It’s been a quiet month in terms of note-worthy updates, which has been a much needed respite from the chaos the past few months have been! It’s been a nice change of pace, but the start of February will kick off another busy month of follow-ups with a handful of her specialists who all wanted to see her 3 months post-op. 

The biggest thing that happened in the past month was that Joy needed her feeding tube again for a week. She had gone 3.5 weeks without her tube, (4.5 weeks eating great!) when suddenly Christmas Day afternoon she stopped eating. It wasn’t immediately apparent what was wrong. We thought she might have been teething or was getting sick. It wasn’t until I was cleaning her mouth a few days later that I noticed one of her stitches had come out. That’s when I remembered the timing was right for that and realized her mouth must be sore/tender from it which is why she stopped eating. I was worried she might become tube dependent after we put her tube back in but it was only in for 7 days until she was back to normal! 

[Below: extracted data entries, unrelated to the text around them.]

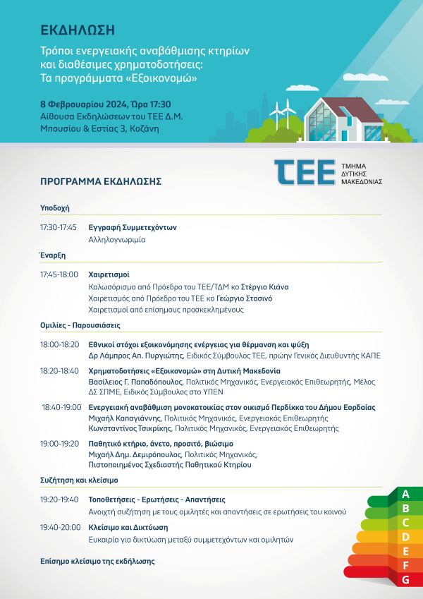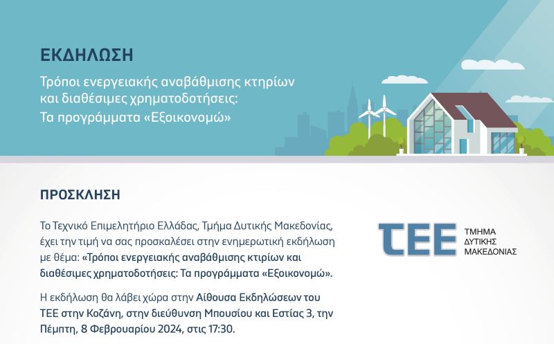 Το Τεχνικό Επιμελητήριο Ελλάδας, Τμήμα Δυτικής Μακεδονίας, έχει την τιμή να σας προσκαλέσει στην ενημερωτική εκδήλωση με θέμα: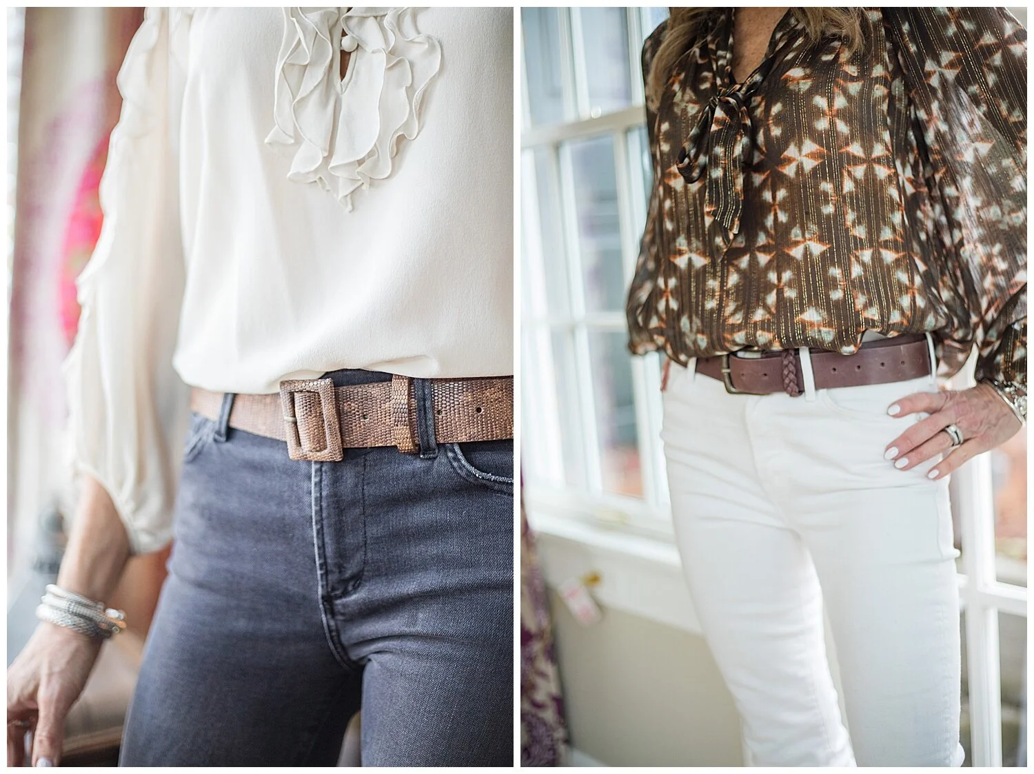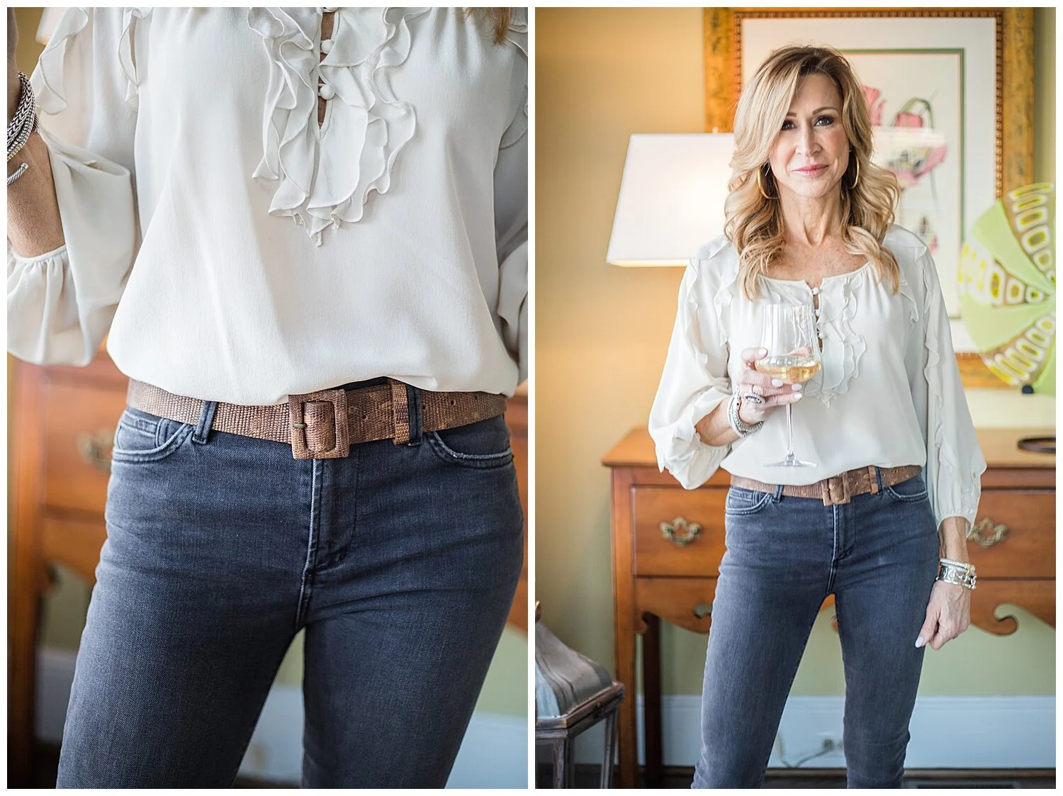Speaking of classic style, the outfit I’m wearing on the right includes a Rebecca Taylor blouse that I bought 10 years ago (yes you read that right). It’s from a fall collection, but because of the color and style, it’s seasonless. I’ve worn it every year since I purchased it. I paired it with grey skinny jeans from Mother Denim, Marc Fisher suede booties (now on sale) and a fabulous belt from Ada Collection. You may know Ada belts from their famous wrap belt. This belt is amazing with dresses and paired with blazers. Since I’m more of a jeans and blouse kind of girl, I like a more traditional belt, and the two I’m wearing here are right up my alley. Keep scrolling for more detail and be sure to check out the website to receive 20% off your purchase with code SUZANE20!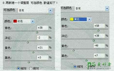 8、创建可选颜色调整图层,对个通道进行调整,参数设置如下图。
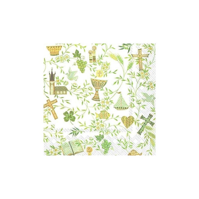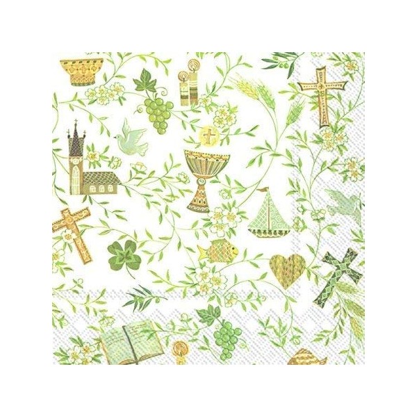 Napkin Serviette Your Christening Confirmation Communion Design White Gold 33 x 33 cm 20 per pack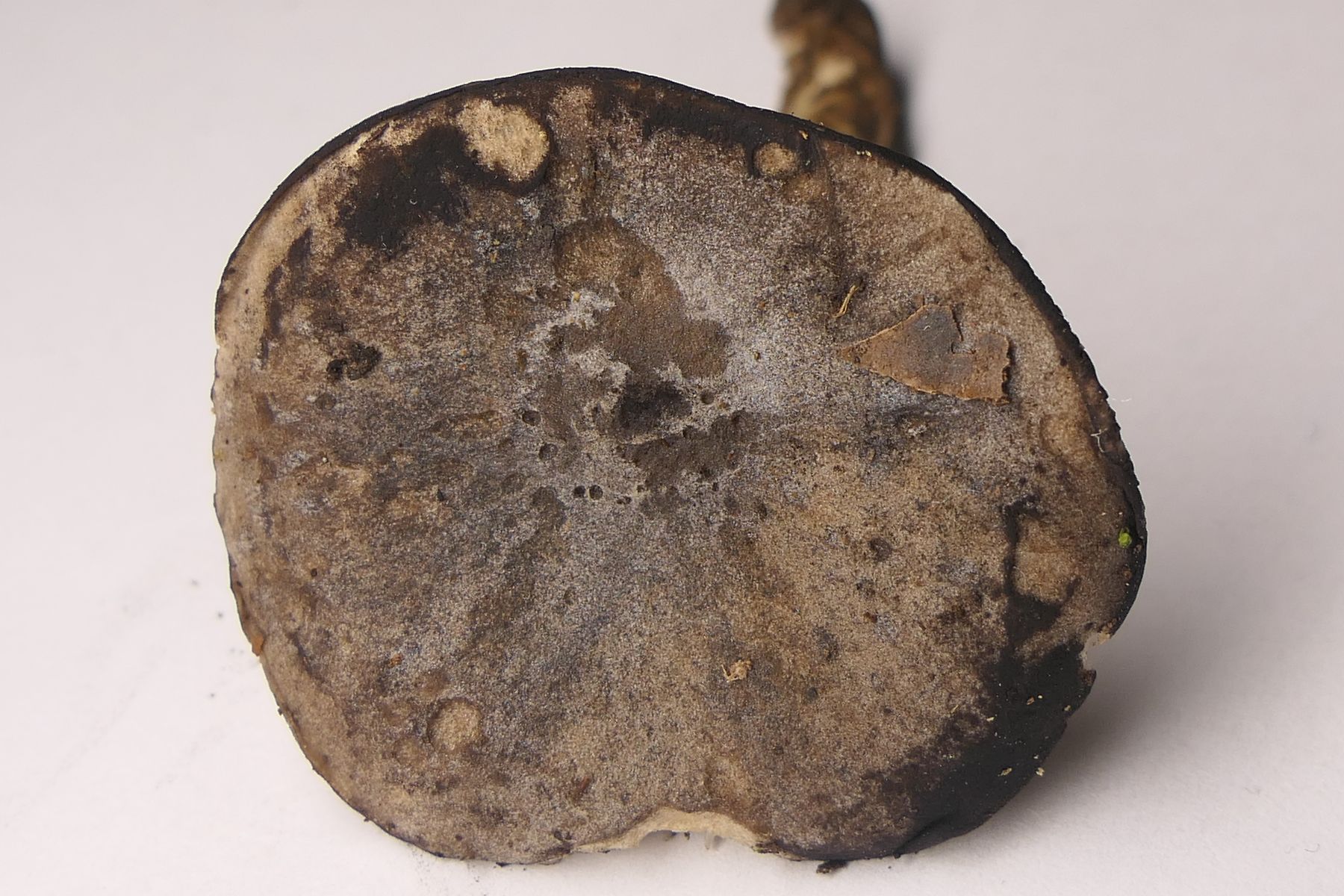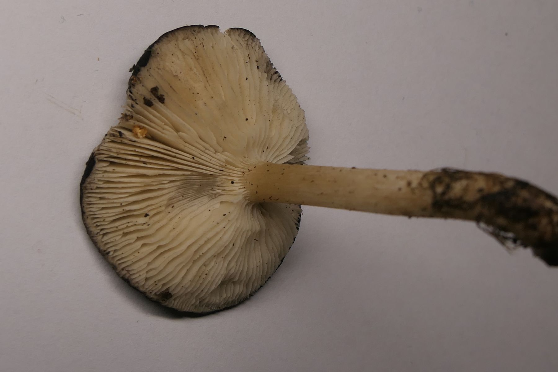 Kam im Feld eher grau daher, was im Kunstlicht (Studiobild) leider nicht gut rüberkommt. Hut aber deutlich bereift, war direkt sehr auffällig. Stiel creme, weiß überfasert. Lamellen ausgebuchtet angewachsen. Dachte zuerst irgendwie an einen Erdritterling. Konnte aber insgesamt nicht passen. Aus der Gruppe kam schnell der entscheidende Hinweis auf Melanoleuca und dann war der Fund auch schnell bestimmt: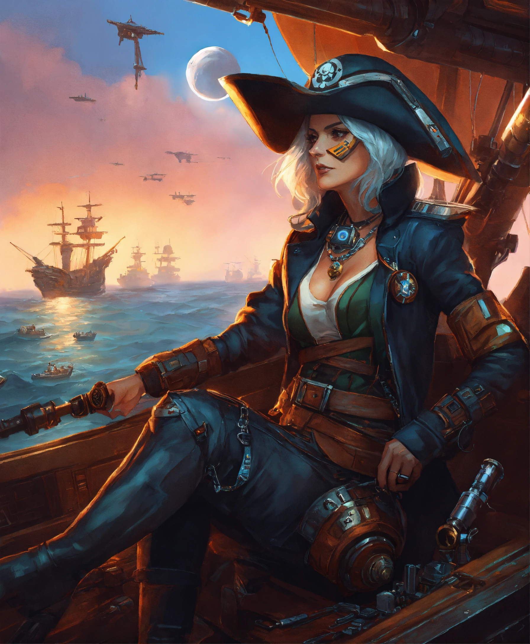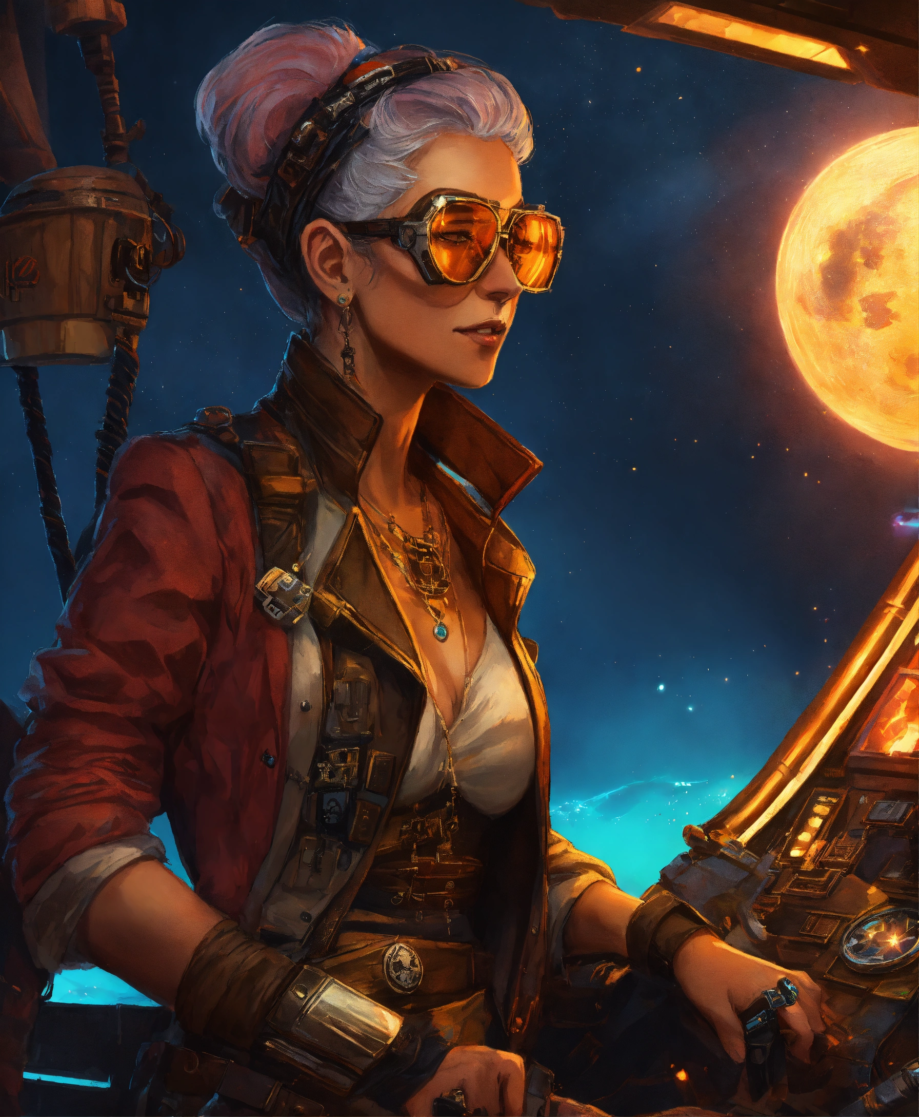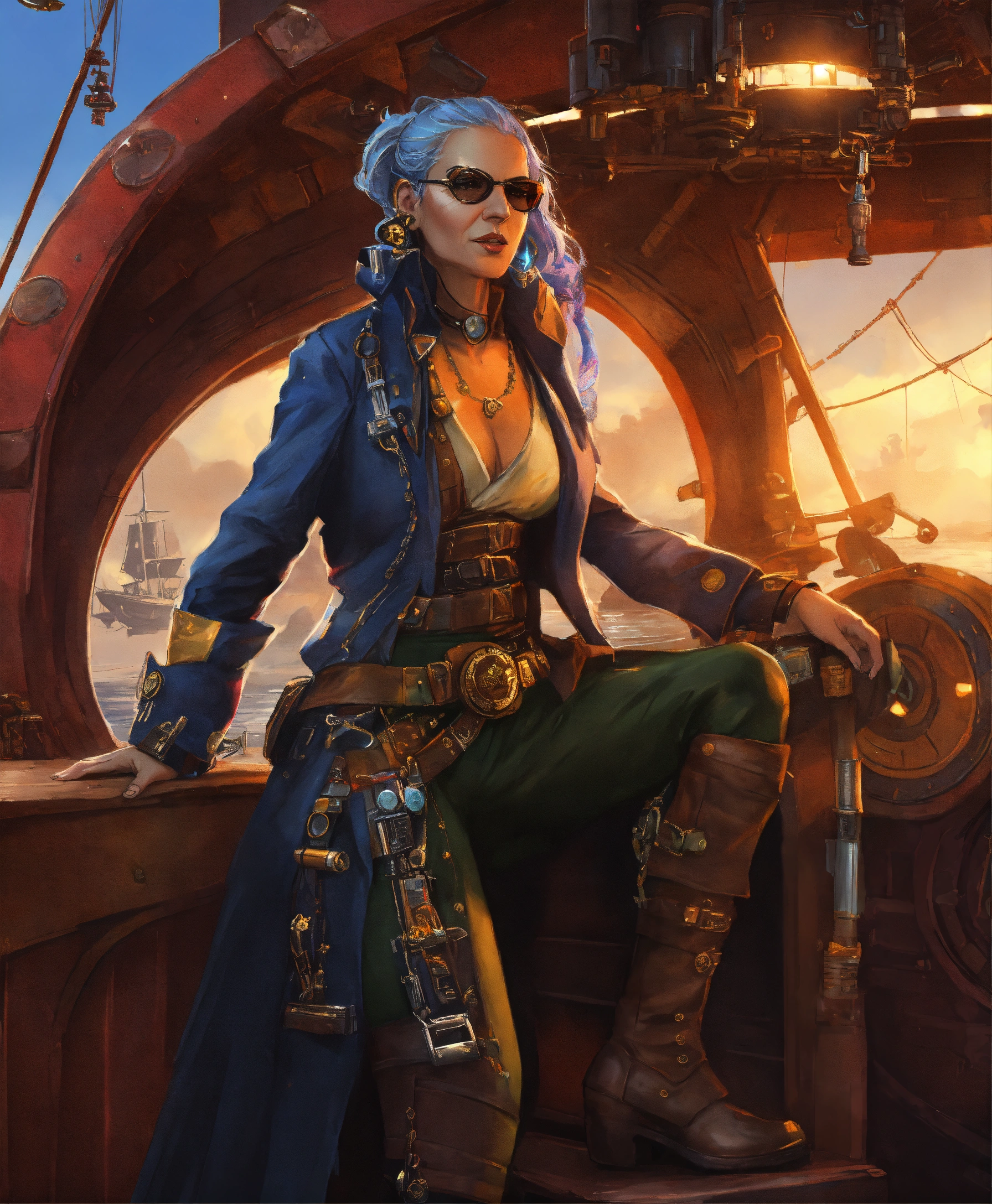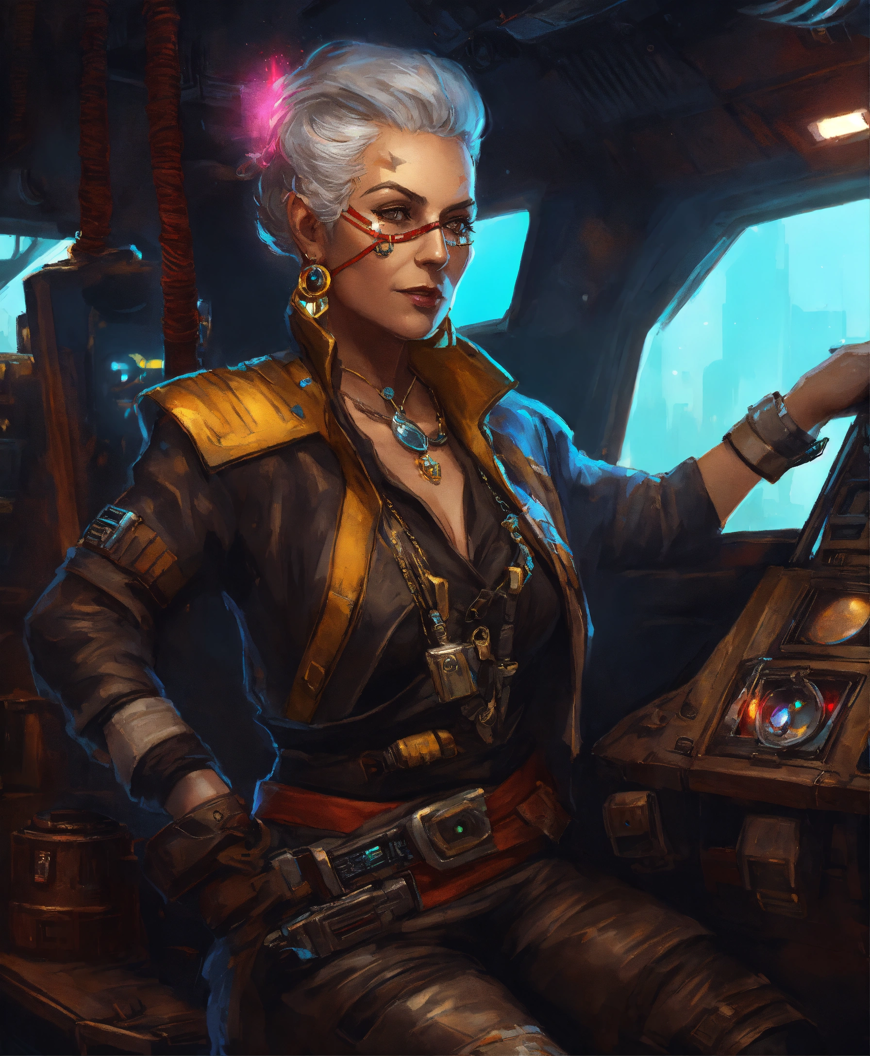 Character art of a fabulous old cyberpunk pirate woman in a star wars pirate ship

The experience taught us a lot: mainly that she’s otherwise done with the feeding tube for good! Her feeding therapist is now working with her to get her used to different feelings/sensations in her mouth so as to set her up for success in preparation for her palate surgery in May. Joy will need to be able to eat despite tenderness/soreness after surgery and placing her feeding tube back in will not be an option, so it’s critical that Joy gets to a point where she’s able to bounce back quickly. But I’m really hopeful that Joy will get to that point because she already crushed the goals her feeding therapist set for her last month! 

After some paperwork delays, Joy finally started physical therapy too today. Her PT originally suspected she was developing torticollis which is why she favored one side over the other (she won’t roll or turn one direction), but after her session today the PT discovered extreme tightness in one shoulder area from a possible swollen lymph node or ball of muscle. We’ll be doing daily massages of the area to see if that helps loosen it up. She also noted that it appears Joy’s left brain is talking to the right just fine, but the right is not talking to left as much. We’ll be doing exercises to make progress in that area too. 

Tomorrow Joy has an appointment to take measurements for a new helmet because she has already outgrown her current one! Her orthotics doctor was shocked to see how little room was left in the helmet at her last appointment and started somewhat panicking trying to get an order for a new helmet from Joy’s cranio surgeon a month earlier than anticipated. Joy will get her new helmet on the 27th! She should have this one for longer- several months but I don’t remember how many- before needing her 3rd and final helmet. 

Thank you all for the continued prayers for our sweet Joy!